From the sheltered entrance courtyard at Banks Fee — a broad 18th-century Cotswold-stone house set above Gloucestershire parkland — the visitor is welcomed by immaculate stretches of pleached hornbeam and clipped yew and charmed by pairs of plump lollipops of Quercus ilex that have been encouraged to grow into each other. The eye is then drawn from the velvet squares of lawn and the contrastingly shaggy rosemary to tantalising glimpses of the rolling countryside that brought Kate and Hugh Sloane to Gloucestershire from Sussex 16 years ago.
‘We had done it before — made a garden from nothing — in our first house,’ explains Mrs Sloane as she reveals the courtyard garden, designed by Arne Maynard as a series of shallow terraces that links the front of the house to the handsome Victorian stables.
‘Our Sussex garden was one of Arne’s first projects. The whole process was a big learning curve for us all, but the result that emerged was wonderful.’
After a while, however, there was a feeling that Gatwick ‘was getting closer and closer’ and the family started to hunt for a more secluded place to live.
‘When we arrived at Banks Fee in 2002, the garden was derelict: everything had been grassed over during the Second World War, the dry-stone walls had gone and the front garden was a concrete turning circle.’
The now-celebrated Mr Maynard was called on again to help. ‘One of Arne’s first ideas was to offer a glimpse of the view to draw you in rather than revealing everything at once.’
As well as introducing his trademark perfectly clipped hedging and restrained Mediterranean planting, he reinstated soft stone walls. A rectangular pool was also set beneath a wisteria-clad stone balustrade linking the entrance courtyard to the terrace below.
The Sloanes decided to pause before they tackled the rest of the three-acre garden, which comes to about seven acres when one includes the ancient rookery that is carpeted in snowdrops and daffodils in spring.
The glory of Banks Fee is its fantastic view, but this comes at a price: pretty much every-thing below the house is on a steep slope. There had been considerable head-scratching about what to do with the lawn at the rear of the house. Mr Maynard had been keen to add fine topiary, but, in the end, the decision was taken to keep the area simple and to let the surrounding countryside speak for itself.
The park had not been touched for two generations and Mr Sloane has relished the chance to put back hedges and trees, as well as creating a lake. Trees have become a new passion and there is a burgeoning arboretum.
Restoring the walled kitchen garden was next on the agenda and, this time, Mary Keen was invited to lay out the enormous sloping space. ‘It’s half a football field,’ says Richard Ottaway. He and his wife, Anna, are joint head gardeners, having moved with the Sloanes from Sussex to Gloucestershire.

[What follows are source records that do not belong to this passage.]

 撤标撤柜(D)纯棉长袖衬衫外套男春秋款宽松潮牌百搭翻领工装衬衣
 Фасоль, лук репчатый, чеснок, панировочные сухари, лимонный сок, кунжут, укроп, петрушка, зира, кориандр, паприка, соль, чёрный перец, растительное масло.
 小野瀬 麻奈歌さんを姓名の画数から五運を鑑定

When the couple were researching the history of the kitchen garden, they found photographs from the 1860s that revealed a number of Victorian glasshouses. Today, these have been replaced by Alitex greenhouses, in constant use producing tomatoes, grapes and bowls of winter-flowering bulbs for the house. They are also home to a gently aging steamer chair, which has become one of Mr Sloane’s favourite places to which to escape and think among the heady greenery.
A series of paths, low retaining walls of local stone and box hedges now break up the enormous kitchen garden and an orchard has been planted at the very top among long grass that is full of wildflowers in spring.

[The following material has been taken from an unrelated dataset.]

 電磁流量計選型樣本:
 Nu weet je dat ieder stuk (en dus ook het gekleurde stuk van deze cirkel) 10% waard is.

‘We’re pretty much self-sufficient for fruit and vegetables from April onwards,’ says Mrs Sloane. There are plentiful favourites, such as courgettes and peas, as well as rare deli-cacies, such as sea kale forced in vintage pots and the delicately oyster-flavoured Scorzonera. There’s even a sweetcorn patch for eating as soon as the cobs are picked. Indeed, there’s enough produce to send weekly vegetable boxes to their daughters in London.
The picking borders are concentrated at the top of the kitchen garden for easy access. Lady Mary’s clear-cut rows have become softened over the years, but continue to provide for the house. The palette is mostly white, mauve and blue, revved up with dashes of bright pink or the flame-red annual Ipomoea lobata.
The range of dahlias is constantly expanding and new tulips are always tested. This year’s successes were Tulipa Weber’s Parrot — a fantastic Eton mess of crinkled pink and white flushed with green — and Bastogne Parrot, deep red with fine yellow fringing.
New planting has been introduced in the sunny lower section of the garden to provide a quiet burial spot for Mrs Sloane’s mother. In the centre is a sculpture by Simon Allison, based on a cast of one of the trees from the surrounding park.
From the generous, curved wooden seat by Ray Coggins, one can contemplate the whole of the extremely pretty scheme, which includes the violet-blue Geranium Rozanne, Dahlia Blanc y Verde and D. Twining’s After Eight — also white, but with darker foliage for contrast. Mrs Sloane is delighted to have found such a cheerful solution.